Penfolds owner Treasury Wine Estates has rejected a takoever offer from a private equity group that valued its wine business at around A$3bn (US$2.78bn).
Private equity group Kohl Kravis Roberts (KKR) has offered to buy Treasury for A$4.7 per share.
But, the news sent Treasury’s share price up by 18% on the Australian stock exchange today (20 May), to close the day ahead of the bid at A$4.8 per share.
It is the third time in a month that Treasury has to deal with market speculation about a possible sale, but this is the first time that it is known to have received a formal approach from a potential suitor.

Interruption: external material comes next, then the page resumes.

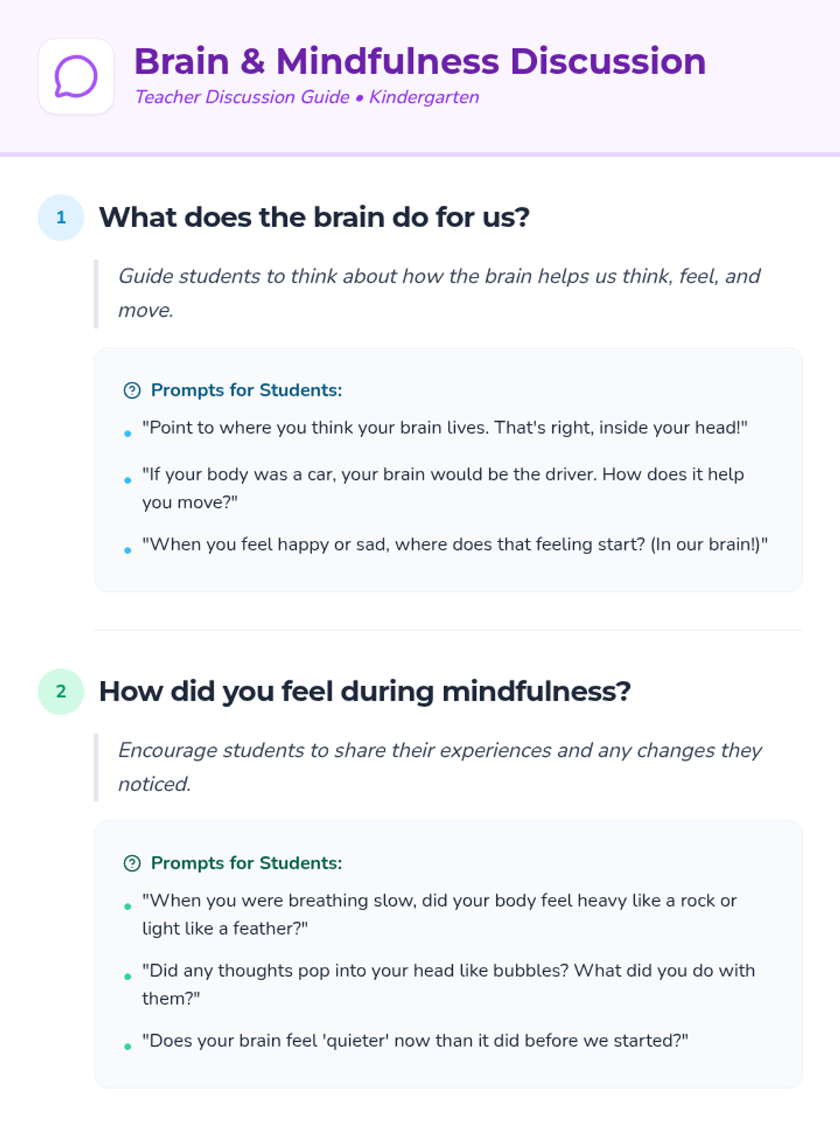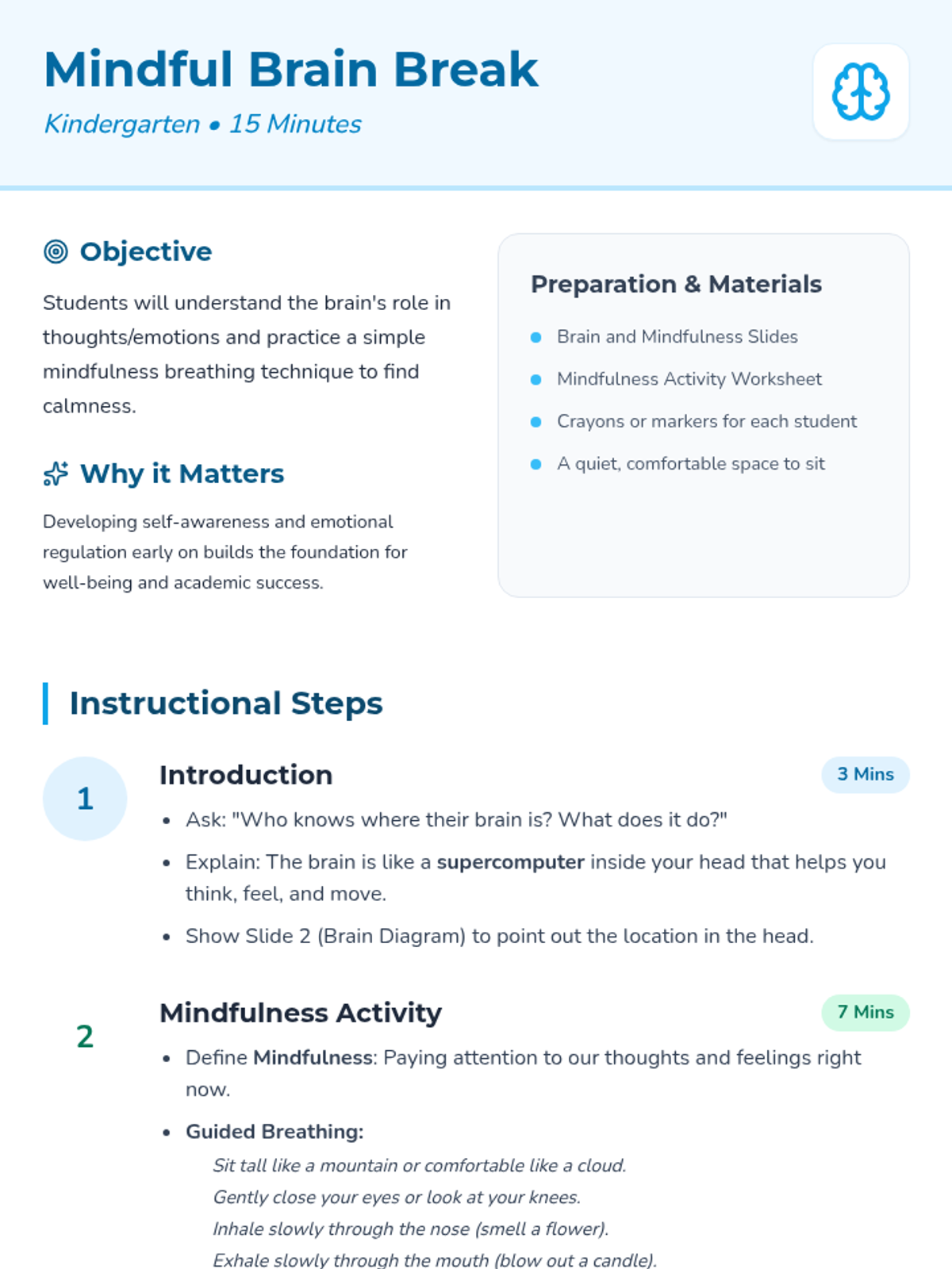 This lesson introduces kindergarten students to the brain's role in thoughts and emotions and practices mindfulness for focus and calmness. Students engage in a deep breathing exercise and reflect on their feelings through discussion and drawing.

KKR had requested confidentiality, but the Wolf Blass wine producer said it decided to go public over the bid after it discovered that the private equity firm had been canvassing for support among Treasury shareholders.
‘The board has considered the KKR proposal in the context of these renewed plans and concluded that the proposal does not reflect the fundamental value of the company and it is therefore not in the best interests of shareholder,’ Treasury said.
There have long been rumours that Treasury could look to sell all or part of its wine business. Speculation has intensified recently after the winemaker’s new chief executive, Michael Clarke, told analysts that he thinks the company has too many brands.
Treasury also had to accept tens of millions of dollars in charges in the US last year, in order to destroy an oversupply of wine that it was unable to sell there.
Recent weeks have seen reports of interest in the US business from Jacob’s Creek owner Pernod Ricard and Robert Mondavi owner Constellation Brands. But, Treasury has denied any approach and said last week that it intends to keep its US business.